Data to use section start

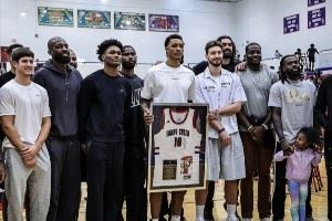 全队出席小贾巴里-史密斯高中球衣退役仪式!火箭队内气氛没谁了
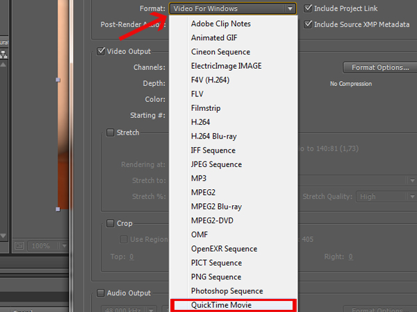 Click on the ‘Format’ options menu and select ‘Quick Time Movie’. You can use any format or compression settings that you want.
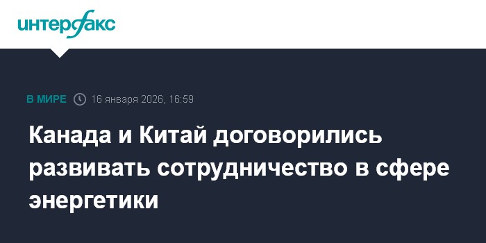 Канада и Китай договорились укреплять сотрудничество в области альтернативных и традиционных источников энергии, говорится в совместном заявлении, которое приводит пресс-служба канадского премьера Марка Карни."Стороны согласились содействовать обменам и сотрудничеству в области возобновляемой энергии и укреплять сотрудничество в сфере традиционных энергоносителей, таких как нефть и газ", - отмечается в документе.
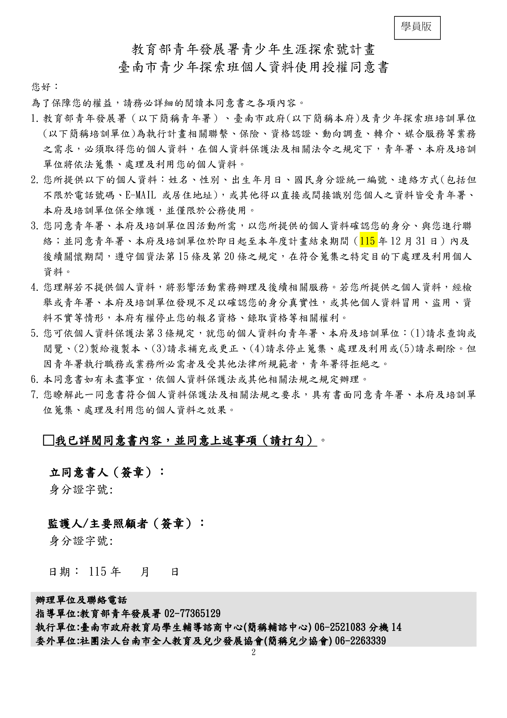 「115年青少年探索班」招生資料1份(如附件)
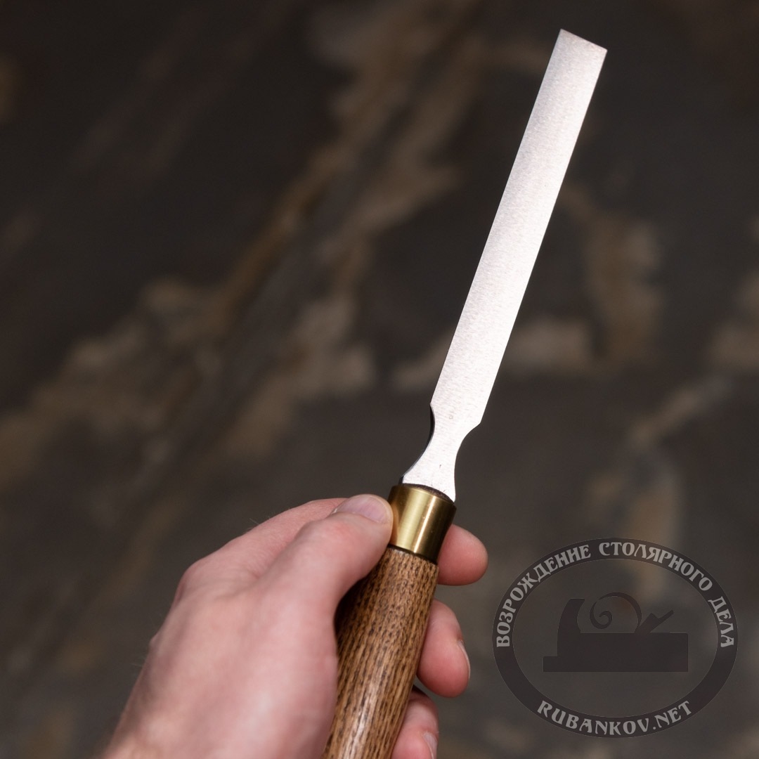 Для исследования была выбрана стамеска ПЕТРОГРАДЪ серии Волга шириной 12мм, изготовленная из стали 9ХС. Твёрдость клинка в районе режущей кромки - 59-61HRC. Надо добавить, что сталь 9ХС была разработана как раз для изготовления режущих частей деревообрабатывающих инструментов.
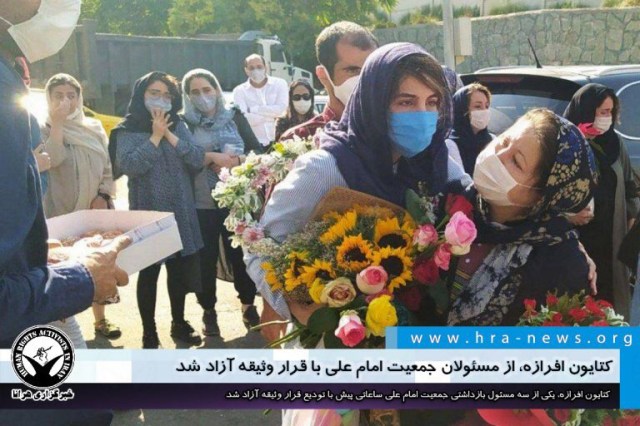 ارگان خبری مجموعه فعالان حقوق بشر در ایران، امروز سه شنبه ۳۱ تیرماه ۱۳۹۹، کتایون افرازه، از مسئولان جمعیت امام علی پس از یک ماه بازداشت، با تودیع قرار وثیقه، به صورت موقت و تا پایان مراحل دادرسی آزاد شد.
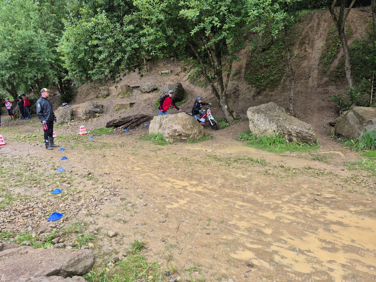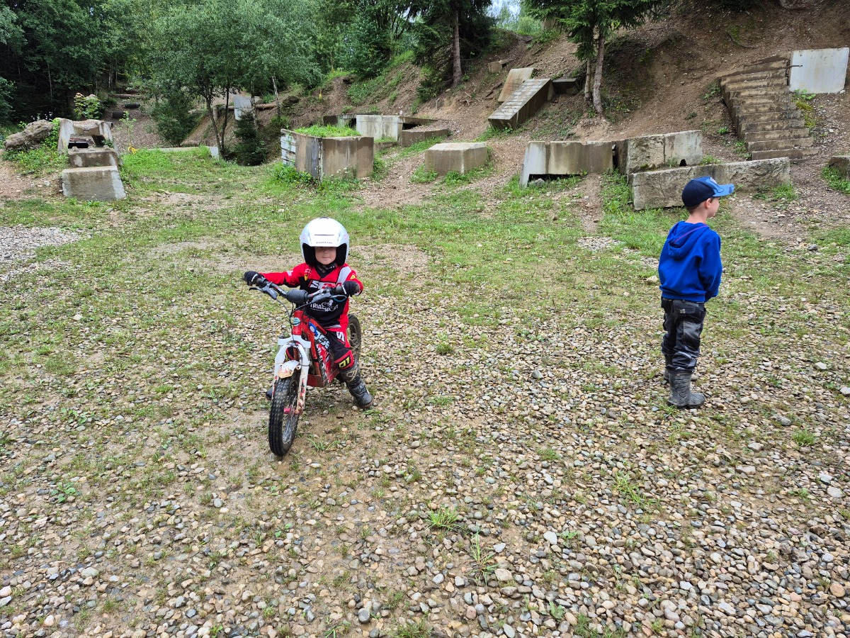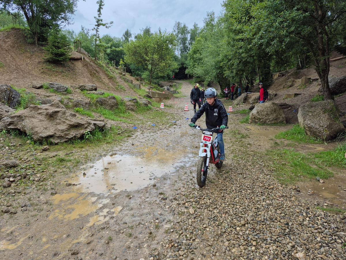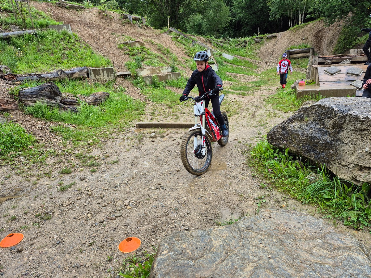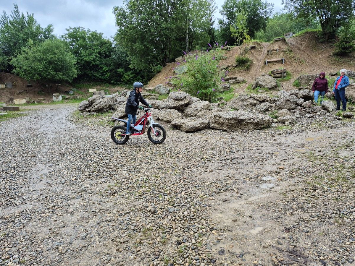 Letzten Samstag den 02.08.2025 kamen die Engelsberger Kinder wieder zu uns in den Trialpark des MSC Engelsberg. Die Plätze für das Ferienprogramm waren wieder sehr schnell ausgebucht, so das einige auf der Warteliste standen u. leider nicht teilnehmen konnten. Trotz des regnerischen Wetters hatten die Kinder im Alter von 7 – 11 Jahren ihren Spaß auf den Elektro Trial Motorrädern. Es dauerte nicht lange bis sie ein Gefühl für die Motorräder entwickelten u. immer sicherer durch die kleinen Hindernisse steuerten. Desto sicherer sie wurden, umso mutiger wurden sie auch, u. wagten sich schon einmal ins Gelände, was auch prima klappte. Die Anstrengung u. Konzentration auf den Motorrädern macht natürlich durstig u. hungrig. Dafür gab es zwischendurch auch Trinkpausen für die Kids u. zum Abschluss des Trial Fahrens noch Bratwurstsemmeln u. Pommes, was begeistert angenommen wurde. Um den Kindern einen weiteren Einblick in die Kunst des Trial Fahrens zu zeigen, präsentierten unsere MSC Trialer, vom kleinsten Fahren im Alter von 4 Jahren bis zu den Erwachsenen, was auf den Trial Motorrädern so alles bei ausreichend Training möglich ist. Die Vorführung verfolgten die Kinder u. auch die Eltern mit Begeisterung. Dafür gab es auch viel Applaus. Für die Betreuung der Kinder haben sich viele MSC Mitglieder eingesetzt. Vom Einweisen in die Fahrtechnik, beim Führen an schwierigen Hindernissen, bis zur Versorgung vom essen u. trinken. Ohne die Unterstützung der vielen motivierten Betreuer wäre das Ferienprogramm nicht so reibungslos u. erfolgreich durch zu führen gewesen. Dafür möchte ich noch einmal, allen Helfern für die erfolgreiche Veranstaltung, herzlich danken.

Data to use section end

**Task description:**
Here the job is to copy the stretch of records from the line containing "Click on the" through the line containing "ارگان خبری مجموعه", word for word. Leave every picture out.

**Response area:**
 Click on the ‘Format’ options menu and select ‘Quick Time Movie’. You can use any format or compression settings that you want.
 Канада и Китай договорились укреплять сотрудничество в области альтернативных и традиционных источников энергии, говорится в совместном заявлении, которое приводит пресс-служба канадского премьера Марка Карни."Стороны согласились содействовать обменам и сотрудничеству в области возобновляемой энергии и укреплять сотрудничество в сфере традиционных энергоносителей, таких как нефть и газ", - отмечается в документе.
 「115年青少年探索班」招生資料1份(如附件)
 Для исследования была выбрана стамеска ПЕТРОГРАДЪ серии Волга шириной 12мм, изготовленная из стали 9ХС. Твёрдость клинка в районе режущей кромки - 59-61HRC. Надо добавить, что сталь 9ХС была разработана как раз для изготовления режущих частей деревообрабатывающих инструментов.
 ارگان خبری مجموعه فعالان حقوق بشر در ایران، امروز سه شنبه ۳۱ تیرماه ۱۳۹۹، کتایون افرازه، از مسئولان جمعیت امام علی پس از یک ماه بازداشت، با تودیع قرار وثیقه، به صورت موقت و تا پایان مراحل دادرسی آزاد شد.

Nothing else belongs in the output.